Como buenos lectores, nunca se cansan de leer varias veces la misma historia y en 
cada lectura pueden descubrir algo nuevo. Los niños poseen naturalmente eso que 
soñaba algún escritor, que quería olvidarse de todos los libros, apenas acababa de 
leerlos, para poder experimentar en cada nueva lectura la sorpresa de la primera. 

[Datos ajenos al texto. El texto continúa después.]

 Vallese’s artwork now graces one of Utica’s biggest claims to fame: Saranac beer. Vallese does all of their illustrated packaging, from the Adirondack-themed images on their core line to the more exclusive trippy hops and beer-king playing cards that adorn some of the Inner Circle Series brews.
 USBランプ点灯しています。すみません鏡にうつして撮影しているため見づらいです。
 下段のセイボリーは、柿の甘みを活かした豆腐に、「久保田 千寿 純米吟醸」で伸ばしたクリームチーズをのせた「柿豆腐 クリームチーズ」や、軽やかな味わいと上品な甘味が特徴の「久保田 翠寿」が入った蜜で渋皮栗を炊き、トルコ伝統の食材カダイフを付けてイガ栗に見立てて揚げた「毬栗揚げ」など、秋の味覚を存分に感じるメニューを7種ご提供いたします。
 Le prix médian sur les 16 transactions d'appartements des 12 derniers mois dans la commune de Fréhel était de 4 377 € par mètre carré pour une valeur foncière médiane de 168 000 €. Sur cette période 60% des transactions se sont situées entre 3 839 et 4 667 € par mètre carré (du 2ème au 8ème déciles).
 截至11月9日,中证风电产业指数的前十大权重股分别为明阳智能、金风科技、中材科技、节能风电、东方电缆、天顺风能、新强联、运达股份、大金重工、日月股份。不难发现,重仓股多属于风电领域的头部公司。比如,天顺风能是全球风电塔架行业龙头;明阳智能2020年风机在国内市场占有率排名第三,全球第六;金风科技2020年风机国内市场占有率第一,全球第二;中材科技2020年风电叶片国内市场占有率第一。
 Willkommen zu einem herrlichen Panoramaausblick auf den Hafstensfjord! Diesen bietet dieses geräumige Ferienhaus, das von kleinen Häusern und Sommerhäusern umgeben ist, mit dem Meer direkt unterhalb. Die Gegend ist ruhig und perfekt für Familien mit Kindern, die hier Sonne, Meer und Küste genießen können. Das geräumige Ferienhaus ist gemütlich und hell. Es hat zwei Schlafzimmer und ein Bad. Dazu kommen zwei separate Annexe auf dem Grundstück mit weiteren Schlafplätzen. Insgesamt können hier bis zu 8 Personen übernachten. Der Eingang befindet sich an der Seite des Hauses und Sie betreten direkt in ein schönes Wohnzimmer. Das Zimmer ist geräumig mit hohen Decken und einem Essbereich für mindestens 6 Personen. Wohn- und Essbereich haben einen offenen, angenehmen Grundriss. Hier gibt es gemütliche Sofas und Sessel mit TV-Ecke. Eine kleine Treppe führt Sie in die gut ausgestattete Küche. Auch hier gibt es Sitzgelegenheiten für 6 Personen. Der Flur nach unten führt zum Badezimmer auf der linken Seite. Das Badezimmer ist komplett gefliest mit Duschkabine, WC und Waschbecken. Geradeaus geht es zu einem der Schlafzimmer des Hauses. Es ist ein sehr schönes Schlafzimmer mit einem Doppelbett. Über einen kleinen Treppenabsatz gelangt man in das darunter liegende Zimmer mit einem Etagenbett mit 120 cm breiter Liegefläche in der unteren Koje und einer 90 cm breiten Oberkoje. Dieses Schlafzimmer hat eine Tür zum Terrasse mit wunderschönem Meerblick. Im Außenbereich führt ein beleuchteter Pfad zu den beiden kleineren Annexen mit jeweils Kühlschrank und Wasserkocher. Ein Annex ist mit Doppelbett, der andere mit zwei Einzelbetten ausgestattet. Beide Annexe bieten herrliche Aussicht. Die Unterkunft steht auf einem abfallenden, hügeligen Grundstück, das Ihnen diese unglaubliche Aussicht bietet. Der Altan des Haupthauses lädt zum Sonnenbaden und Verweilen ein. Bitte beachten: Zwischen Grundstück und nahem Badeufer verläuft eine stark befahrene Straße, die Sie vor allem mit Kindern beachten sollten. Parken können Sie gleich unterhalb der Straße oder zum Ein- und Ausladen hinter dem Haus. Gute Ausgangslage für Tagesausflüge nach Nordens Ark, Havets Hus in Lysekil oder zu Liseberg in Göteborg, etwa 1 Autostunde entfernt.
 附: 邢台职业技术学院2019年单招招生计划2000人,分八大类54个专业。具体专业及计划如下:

Los niños pueden leer simultáneamente en varios idiomas: imágenes, palabras, 
caricias, sonidos y silencios. Leen no sólo con sus ojos, sino con todo su cuerpo, 
apropiándose de la historia con sus gestos y su respiración, abrazando el libro, 
arrugándolo, dejando en él la huella inconfundible de sus dedos y de su boca. 
 
No hay que esperar que los niños lleguen al uso de la razón para empezar a leer. Al 
contrario, invirtiendo los términos, tendríamos que decir más bien que, sin la 
lectura, ningún niño, pero tampoco ningún adulto, podrían alcanzar el uso de la 
razón. Más que enseñarles a leer a los niños, deberíamos dejarnos contagiar de la 
pasión, la creatividad y la alegría con la que sólo ellosson capaces de leer.